Enter Text File name: 
Cambridge Analytica whistleblower Christopher Wylie


**Create Raw Sentences and get** *text* **into all lower case for processing**

In [4]:
raw_sentences = sent_tokenize(text)
text = text.lower()

## Steps

**It is a 5 step process**

1. n-gram Extraction from *text*
- n-gram frequency distribution actoss the entire text - also removing ones with leading and/or trailing stop words
- Writing all n-grams and its frequency as a dictionary and a csv for later use
- Weighting of all sentences of the text using n-gram frequency
- Writing out the sentence and its weight in a csv file

## 1. 1-gram based Sentence Ranking

### 1.1. 1-gram Extraction from the *text*

First let's see how sentences are ranked using 1-gram weights. Here the stopwords are removed for the purpose of summing over 1-grams in a sentence

In [5]:
# List of all 1-grams in text
one_grams = []
# 1. Removing html tags
text = BeautifulSoup(text, "lxml").get_text()
# 2. Tokenize Sentences
sentences = sent_tokenize(text)
for i in range(len(sentences)):
    # 3. Removing non-letter from i-th sentence
    sentence = re.sub("[^a-zA-Z]"," ",sentences[i])
    # 4. Tokenize words of i-th sentence of text
    words = word_tokenize(sentence)
    # 5. Remove stopwords from i-th sentence of text
    stop_words = set(stopwords.words("english"))
    words = [w for w in words if not w in stop_words]
    for w in words:
        if w == '':
            continue
        one_grams.append(w)

### 1.2. 1-gram frequency distribution actoss the entire text - *stop words not included*

Next compute frequency distribution of all unique 1-grams using nltk

In [6]:
# Finding 1-grams and its frequency distribution
one_grams = nltk.FreqDist(one_grams)
# Preparing to write as term-frequecy file
Distr1 = []
UniqOneGrams = list(one_grams.keys())
WordVals = list(one_grams.values())
Distr1.extend(UniqOneGrams)
Distr1.extend(WordVals)
L = int(len(Distr1)/2)
Distr1 = np.array([Distr1], dtype=object)
Distr1.shape = (2,L)
Distr1 = Distr1.transpose()
Distr1 = sorted(Distr1, key=lambda a_entry: a_entry[1], reverse = True)

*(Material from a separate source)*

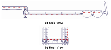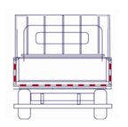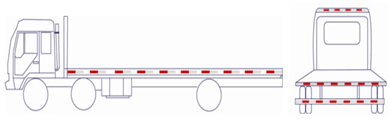 Note: The retro-reflective markings should be pasted to lateral side of the truck along the smooth & continuous surface and the intermittent paste is applicable. Due to different truck structures the pasted retro-reflective markings may not be in the same horizontal plane. The Class Two retro-reflective markings should be pasted to the rear part of the flatbed and lower part of the rear of the flatbed semi-trailer continuously. If Class One retro-reflective markings are used, the intermittent paste is applicable, but each continuous segment length should not be less than 300mm and at least include one white retro-reflective markings unit and one red retro-reflective markings unit. The total pasted areas should not be less than 0.1m 2.As the flatbed semi-trailer has a ladder in the rear part, the retro-reflective markings should be pasted to the outmost ladder frame, at least to the top part, medium part and lowest part of the ladder. Each continuous segment length should not be less than 300mm and including one red retro-reflective markings unit and one white retro-reflective markings unit.
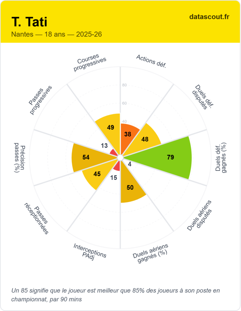 Ce qui saute immédiatement aux yeux, c’est son profil physique. Malgré son jeune âge, Tati affiche des standards impressionnants. Ses données sont parlantes : 99 en accélérations légères, 94 en courses à haute intensité, 91 en distance parcourue.

### 1.3. Writing all 1-grams and its frequency as a dictionary and a csv for later use

Create a dictionary of 1-grams and frequency for later use and write all in a csv file for reference

In [7]:
# Write doc, term, frequency as a Python Dictionary
dic1 = {Distr1[i][0]: Distr1[i][1] for i in range(len(Distr1))}
# Write doc, term, frequency as a csv file
with open("1-grams of test with stopwords.csv", "w", newline = '') as f:
    writer = csv.writer(f)
    writer.writerows(Distr1)

### 1.4. Weighting of all sentences of the text using 1-gram frequency

Using the 1-gram - frequency dictionary compute weight of sentence by adding frequency of all its 1-grams other than stop words

In [8]:
sentence_1gram = []
for i in range(len(sentences)):
    # 1. Removing non-letter from i-th sentence
    sentence = re.sub("[^a-zA-Z]"," ",sentences[i])
    # 2. Tokenize words of i-th sentence of text
    words = word_tokenize(sentence)
    # 3. Remove stopwords from i-th sentence of text
    stop_words = set(stopwords.words("english"))
    words = [w for w in words if not w in stop_words]
    # 4. Make list of i-th sentence and its weight in terms of 1-gram frequency
    v = sum([dic1.get(w) for w in words])
    sentence_weight = [sentence, v]
    sentence_1gram.append(sentence_weight)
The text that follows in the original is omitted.